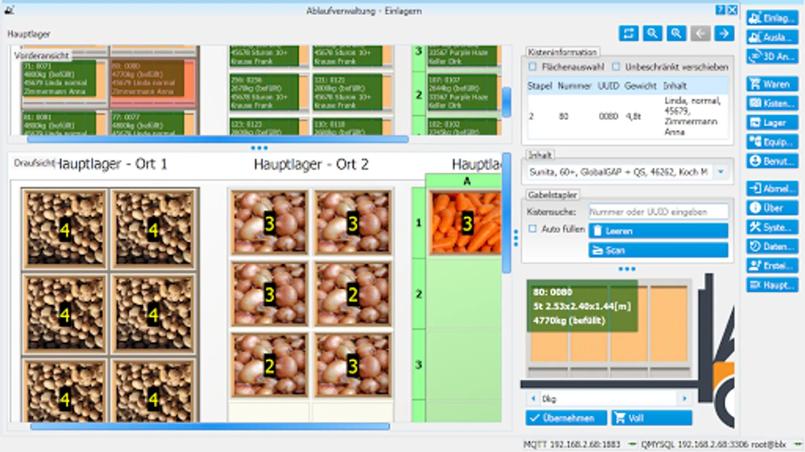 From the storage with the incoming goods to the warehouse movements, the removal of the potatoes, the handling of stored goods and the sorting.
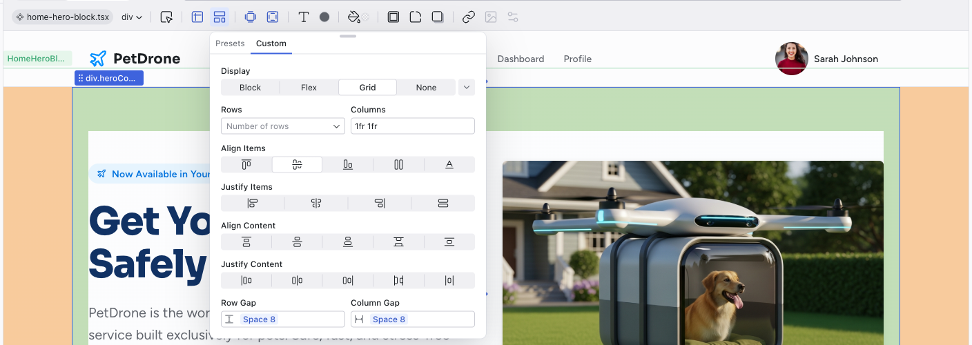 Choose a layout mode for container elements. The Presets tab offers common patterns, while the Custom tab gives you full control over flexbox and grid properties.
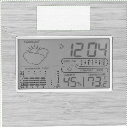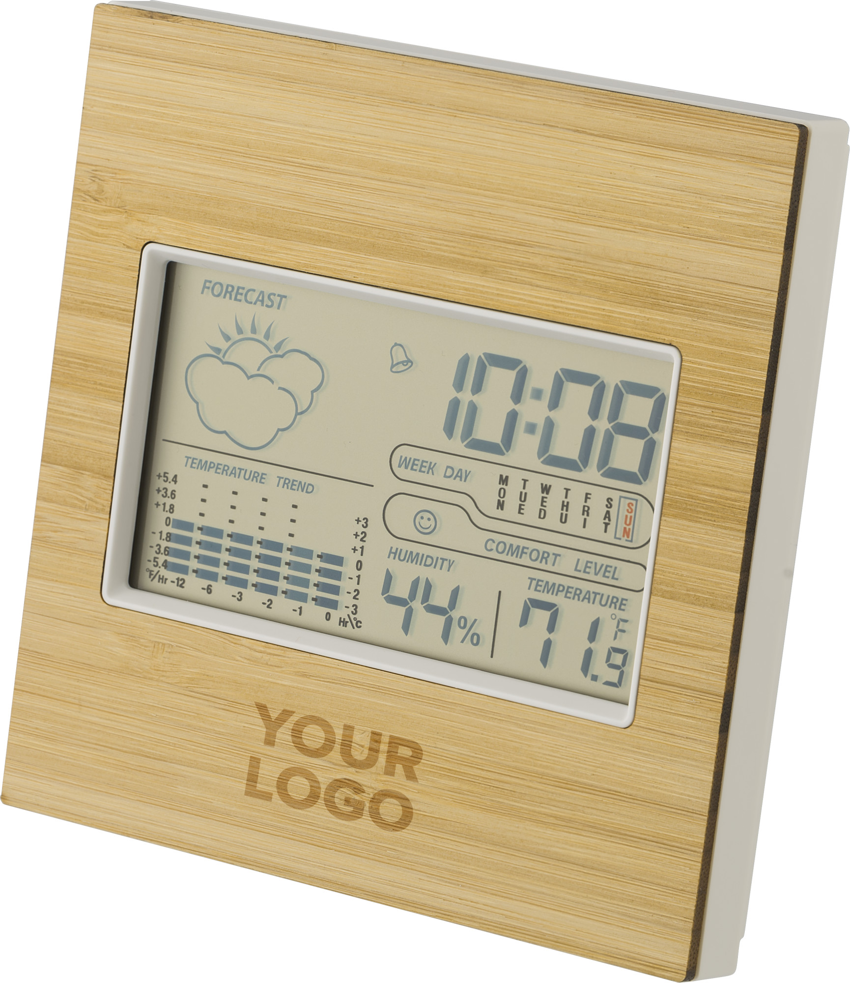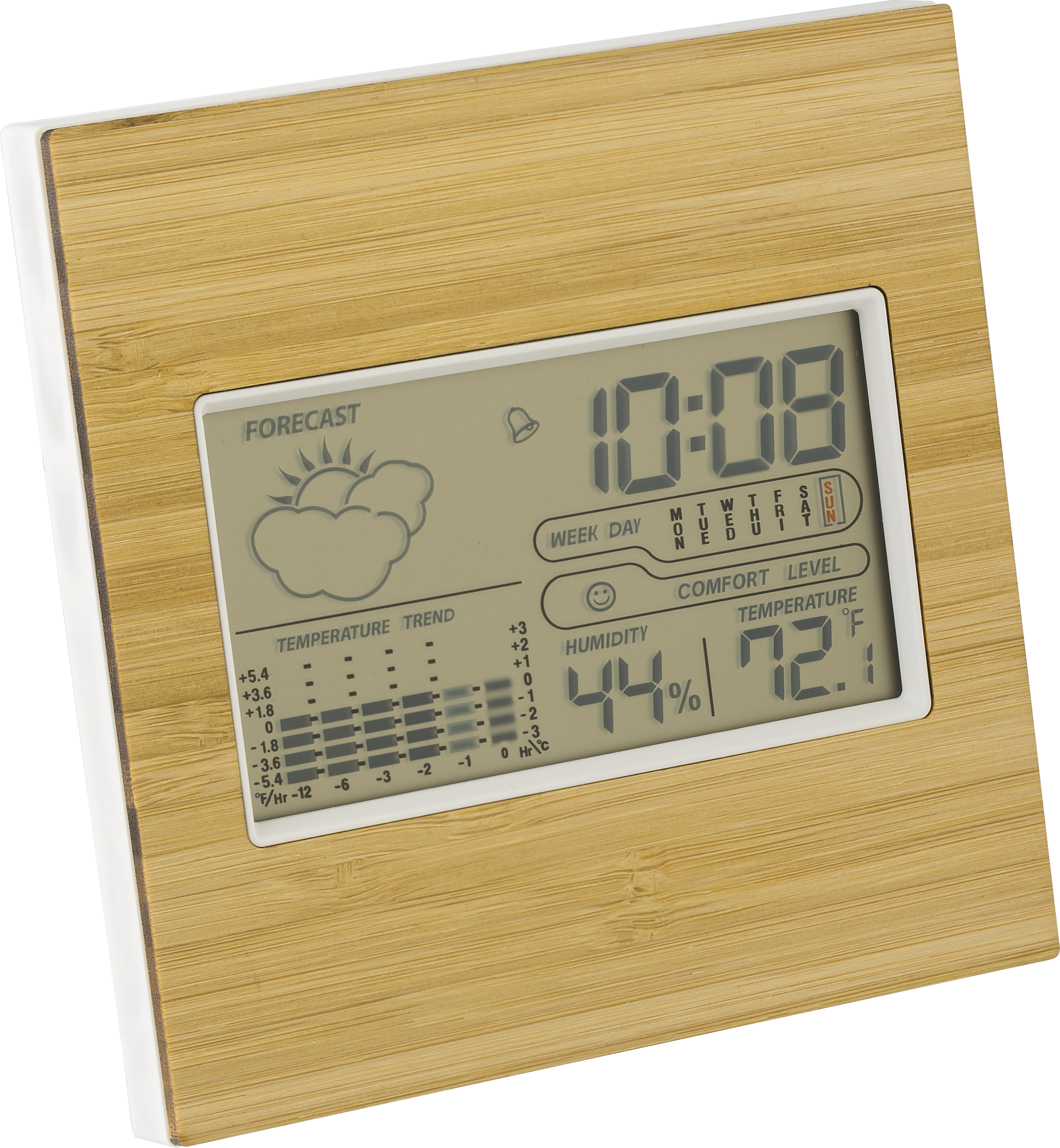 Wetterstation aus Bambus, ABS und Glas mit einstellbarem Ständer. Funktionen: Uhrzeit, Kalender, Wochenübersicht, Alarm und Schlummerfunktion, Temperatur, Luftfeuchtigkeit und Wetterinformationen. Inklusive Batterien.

Exercise description — Copy out the whole listing exactly. Skip its pictures.

Answer below —
 From the storage with the incoming goods to the warehouse movements, the removal of the potatoes, the handling of stored goods and the sorting.
 Choose a layout mode for container elements. The Presets tab offers common patterns, while the Custom tab gives you full control over flexbox and grid properties.
 Wetterstation aus Bambus, ABS und Glas mit einstellbarem Ständer. Funktionen: Uhrzeit, Kalender, Wochenübersicht, Alarm und Schlummerfunktion, Temperatur, Luftfeuchtigkeit und Wetterinformationen. Inklusive Batterien.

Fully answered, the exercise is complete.